- [DATA IN THIS EXERCISE]:
——————————
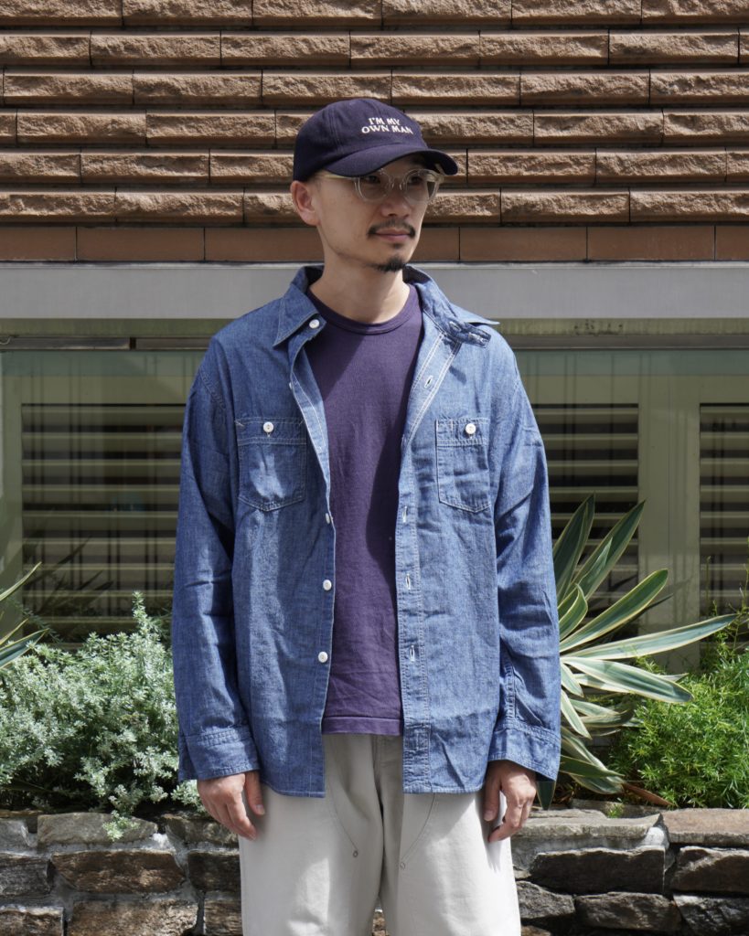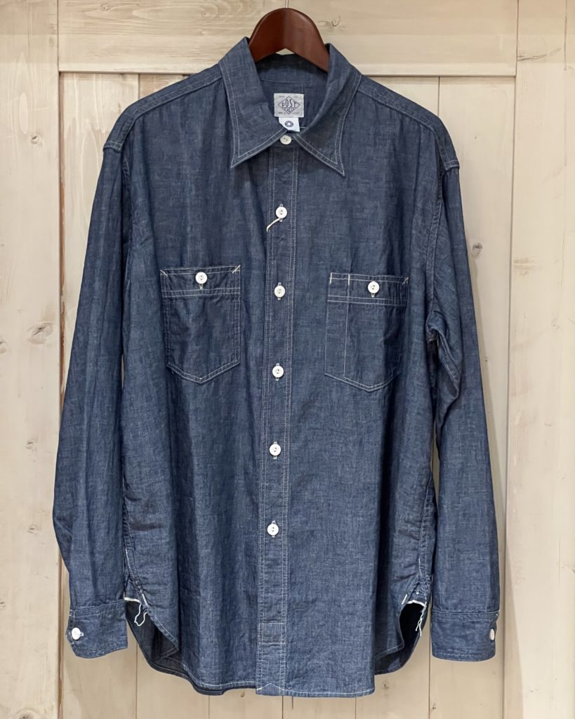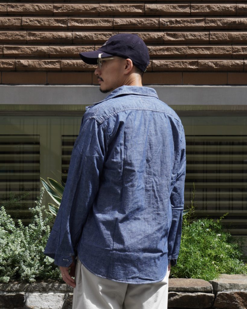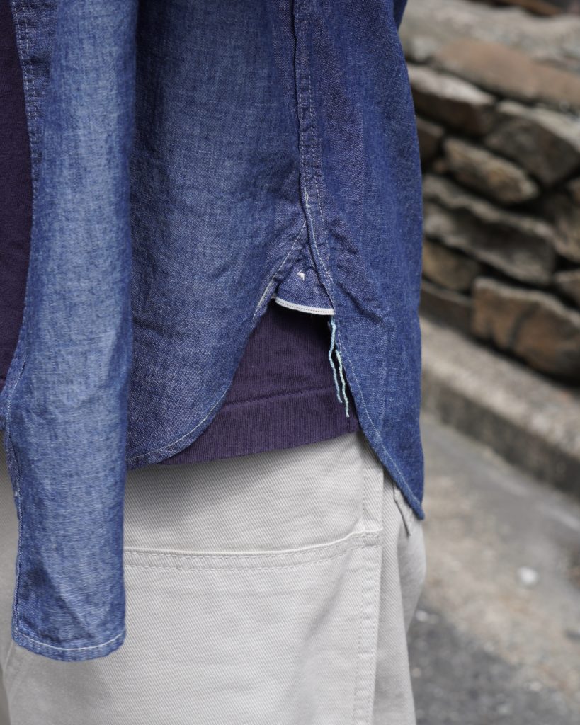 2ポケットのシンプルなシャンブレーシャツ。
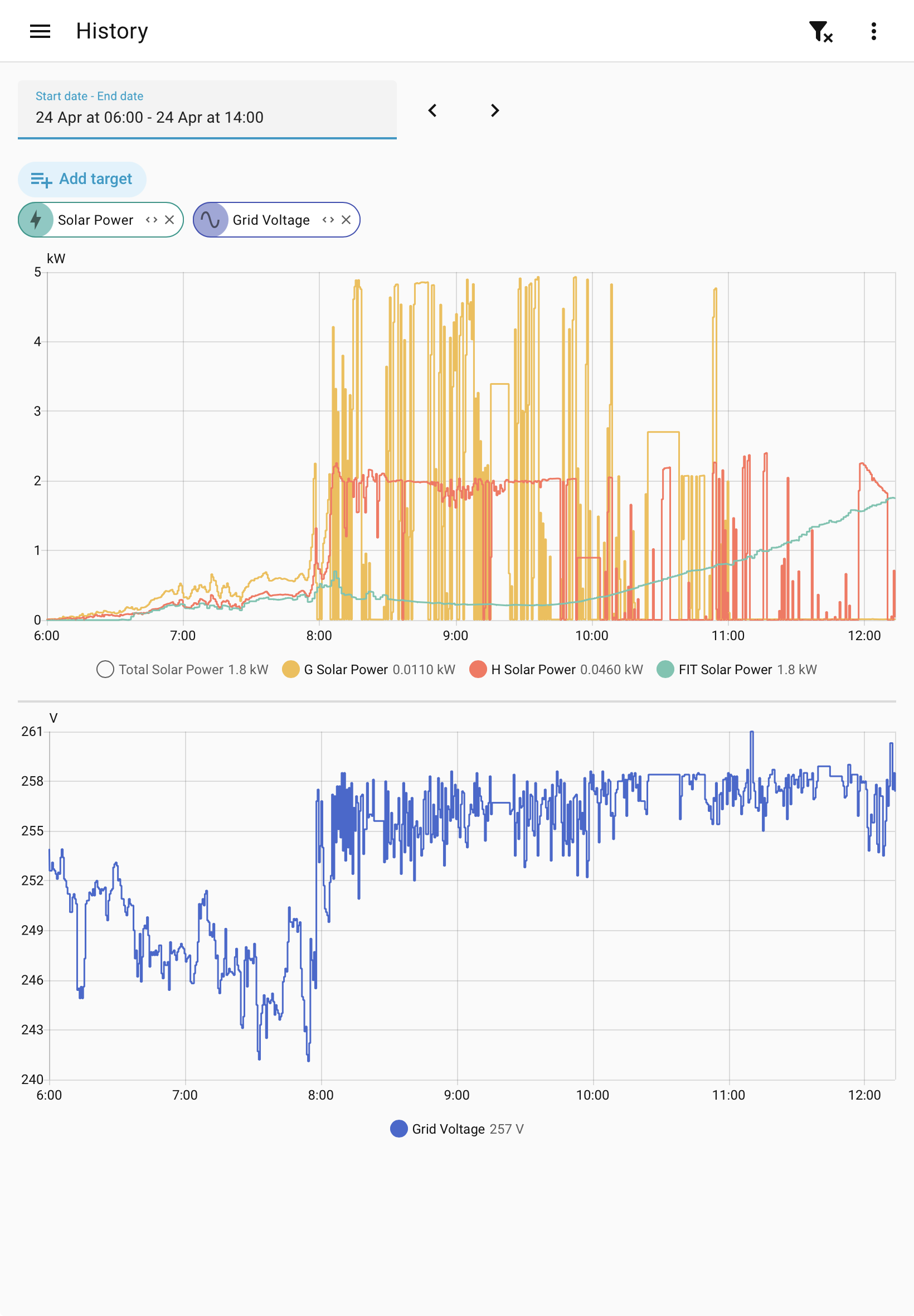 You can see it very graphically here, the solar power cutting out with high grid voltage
——————————
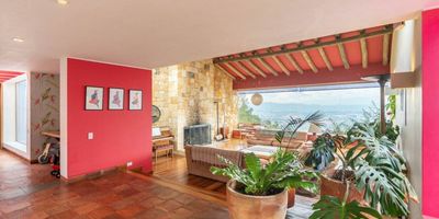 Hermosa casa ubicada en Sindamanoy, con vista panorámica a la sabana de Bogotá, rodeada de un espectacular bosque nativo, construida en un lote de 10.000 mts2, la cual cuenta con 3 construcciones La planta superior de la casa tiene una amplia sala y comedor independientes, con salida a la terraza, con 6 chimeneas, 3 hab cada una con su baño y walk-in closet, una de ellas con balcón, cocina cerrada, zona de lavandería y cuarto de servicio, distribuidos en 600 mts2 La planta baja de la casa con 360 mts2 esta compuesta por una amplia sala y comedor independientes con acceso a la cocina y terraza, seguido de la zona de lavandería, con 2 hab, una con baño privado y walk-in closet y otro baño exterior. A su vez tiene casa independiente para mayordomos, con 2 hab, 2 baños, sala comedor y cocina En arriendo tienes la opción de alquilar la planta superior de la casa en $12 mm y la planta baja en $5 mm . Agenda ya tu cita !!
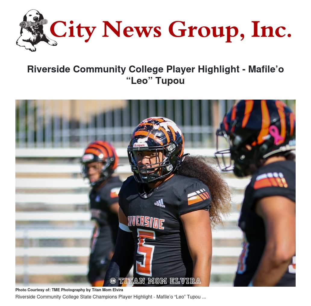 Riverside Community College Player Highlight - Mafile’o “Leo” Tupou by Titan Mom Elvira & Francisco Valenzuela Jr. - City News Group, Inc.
——————————
- [EXERCISE]: Taking the material above, give again exactly the lines from the one holding "2ポケットのシンプルなシャンブレーシャツ。" through the one holding "You can see", with both ends and without pictures.

- [COMPLETED TASK]:
 2ポケットのシンプルなシャンブレーシャツ。
 You can see it very graphically here, the solar power cutting out with high grid voltage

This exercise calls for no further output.